Sep 08, 2023 At 01:13 PM EDT

The National Speech and Debate Association is not affiliated with the National Association for Urban Debate Leagues.

Tabroom is "mostly" his fault. That's how Chris Palmer begins his judge paradigm, a term for the viewable philosophy statement submitted by every registered judge on the speech and debate tournament program he created.

Back in the day, a tabulation room at a speech or debate tournament was a bustling place where coaches frantically worked over index cards and loose pieces of paper to calculate round winners, tournament speaker points, pairings and judge assignments. Now, thanks to Palmer, the tab room is much calmer.

Over 20 years ago, Palmer, a former competitive speaker and part-time debate coach, hatched the idea to make speech and debate competitions run more smoothly.
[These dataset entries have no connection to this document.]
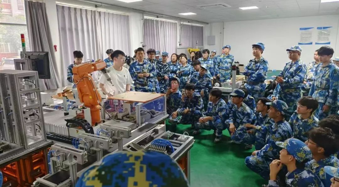 在实验室参观活动中,学院2021级机器人工程专业的学长担任本次实验室参观活动的讲解员,他带领新生们走进了机器人工业生产线模拟区。在这里,新生们亲眼见证了机器人协同工作完成生产过程,学长结合自身学习经历和实践经验,生动讲解了机器人工业生产线的工作原理、技术难点及未来发展趋势,让新生们对机器人工程专业的就业前景充满了信心。
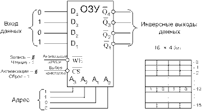 ) устанавливается 0 и информация с входов D1 – D4 (0101) запишется в ячейку памяти с адресом 1100 (12).
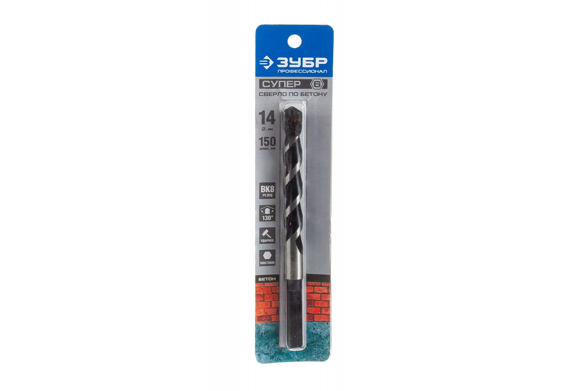 Сверло Зубр 2916-150-14 серии "Супер-6" используется совместно с ударными дрелями для сверления конструкций из бетона, кирпича, камня, плотных известняков. Имеет твердосплавный наконечник марки ВК8. Использование данного сплава позволяет существенно повысить скорость обработки и рабочий ресурс сверла. П-образная форма спирали обеспечивает эффективный и быстрый отвод сверлильной пыли из зоны обработки. Угол заточки при вершине 130 . Шестигранный хвостовик способствует надежному закреплению сверла в патроне. Сверло изготовлено из высокопрочной стали, имеет хорошую износостойкость.
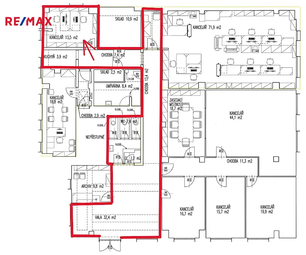 Kancelář není vybavena nábytkem. Společná kuchyňka s WC. K dispozici je možnost pronajmout si více kanceláří najednou, které se nacházejí na stejném patře.
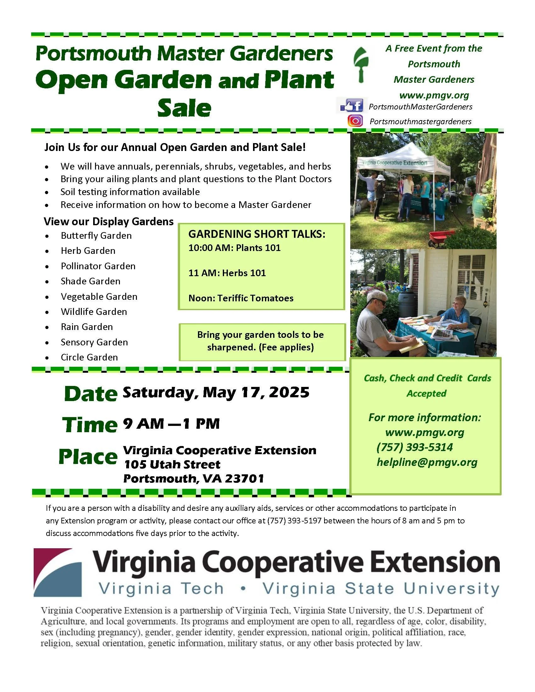 The Portsmouth Master Gardeners Association (PMGA) is a non-profit 501(c)(3) organization dedicated to promoting sustainable gardening and environmental stewardship in Portsmouth, Virginia, and surrounding communities.
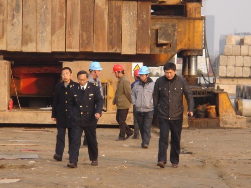 | 2011年1月21日,南通市领导及代建中心和海事局一行领导深入我公司桩基工地检查指导工作,并给我公司员工带来了美好的新春祝福。 南通市领导在我公司项目部同志的陪同下到达施工现场,亲切地慰问了工地的员工,送上了慰问品,详细询问了施工进度。几位领导对我公司员工的防寒保暖工作和工地的施工进度以及各项安全生产工作给予了充分的肯定。
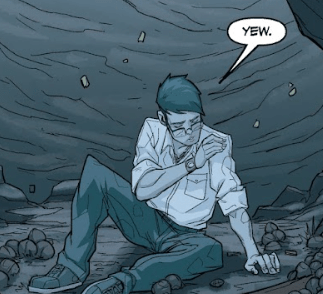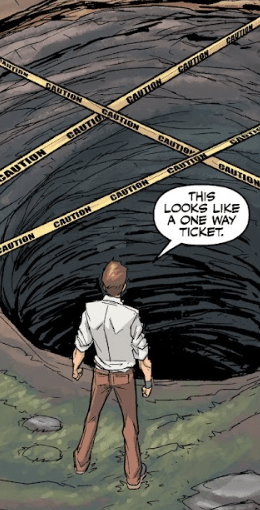 On the outskirts of campus, a sinkhole cordoned off with police tape catches Giles’s attention. He’s aware that he may not come back up, but he doesn’t hesitate, lowering himself into the hole and hoping for the best. Unfortunately, he slips and falls straight down, inexplicably plunging through floorboards at the bottom.
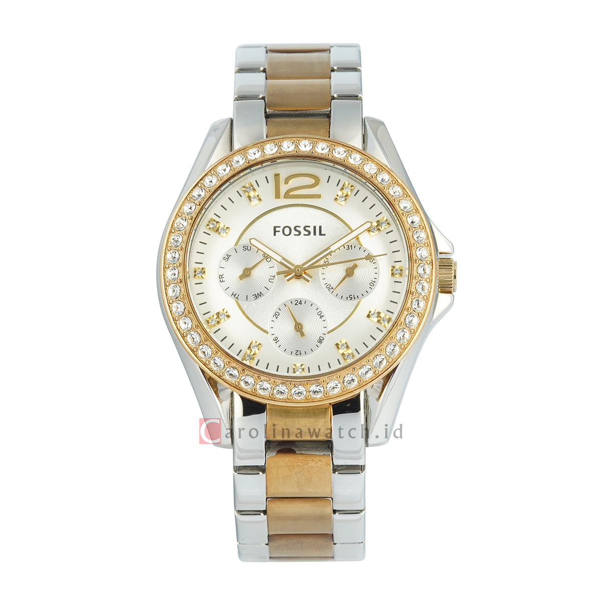 Jam Tangan Fossil Riley ES3204 Multifunction Women Silver Dial Dual Tone Stainless Steel Strap
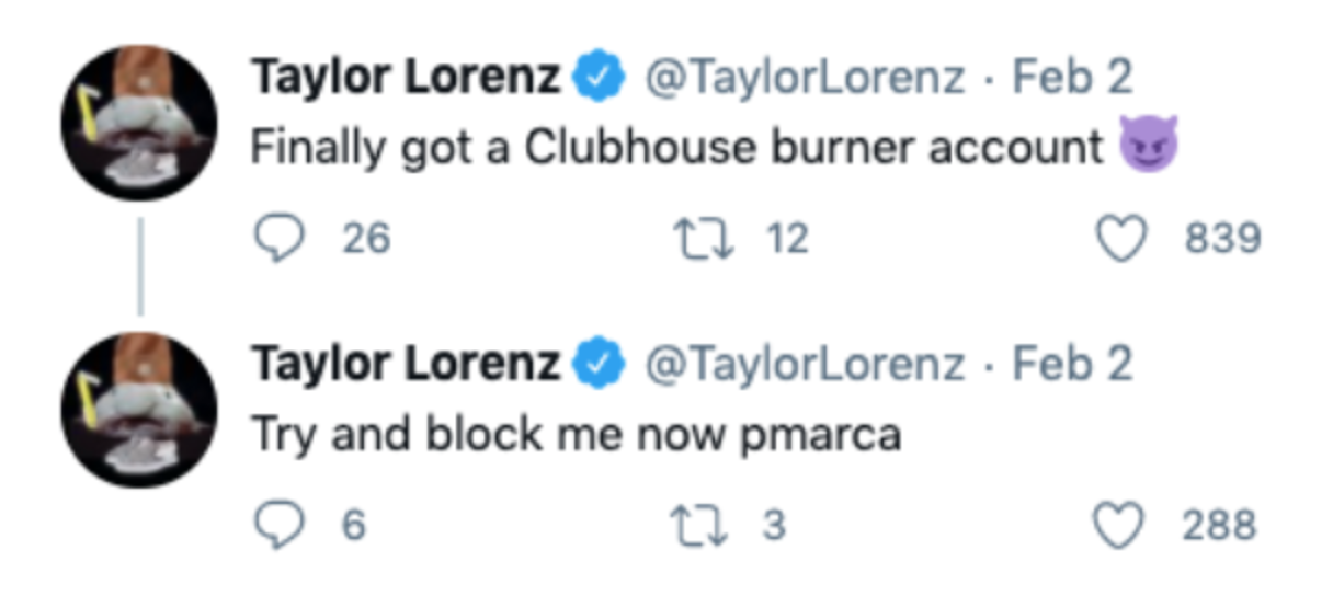 As a framing device for the larger issue of journalism having been transformed into a tattletale industrial complex, he tells the mind-numbing tale of how this Lorenz bitch snuck into a private chat on Clubhouse, after she’d already been blocked, and secretly recorded them, before falsely accusing Silicon Valley entrepreneur Marc Andreessen of using “the r-word” (that’s “retard,” by the way – you’re not allowed to say that anymore). Glenn explains that the accusation was false – it was someone else who said it, and they were quoting a third party from reddit – and the bitch was called out on it. Instead of apologizing and retracting, she said “thanks for clarifying” and then locked her account when people criticized her, pretending that she is herself the victim.
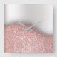 Rose Pink Glitter Silver Grey Minimal Metallic Square Wall Clock
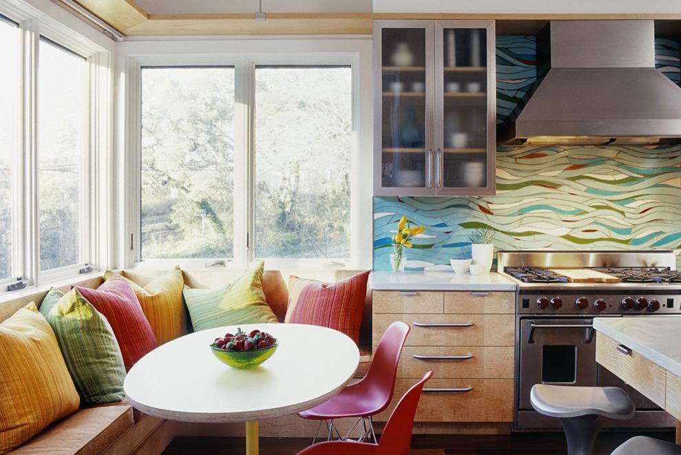 Рассмотри возможность увеличения площади кухни. Возможно, к ней примыкает лоджия или балкон – их можно присоединить к территории, утеплить и оборудовать там обеденную зону.

As the world was becoming faster and more efficient in the internet age, Palmer believed speech and debate should catch up as well.

"[Tabroom] basically grew out of a desire to just make tournaments run faster," he told Newsweek. "I started thinking, 'There should be a better way to do this.'"

Today, Tabroom is hosted and supported by the National Speech and Debate Association (NSDA), which describes it as a tournament management system used by speech and debate tournaments worldwide.

"Tabroom [is] the proverbial information booth for any and all aspects of speech and debate," said Erick Zaragoza, a former Silicon Valley Urban Debate League debater who just started his freshman year at Princeton University.

Teams and students use it to register for tournaments, see round results and get notifications throughout the competition. It coordinates and announces pairings and room assignments and enables judges to enter decisions and scores digitally.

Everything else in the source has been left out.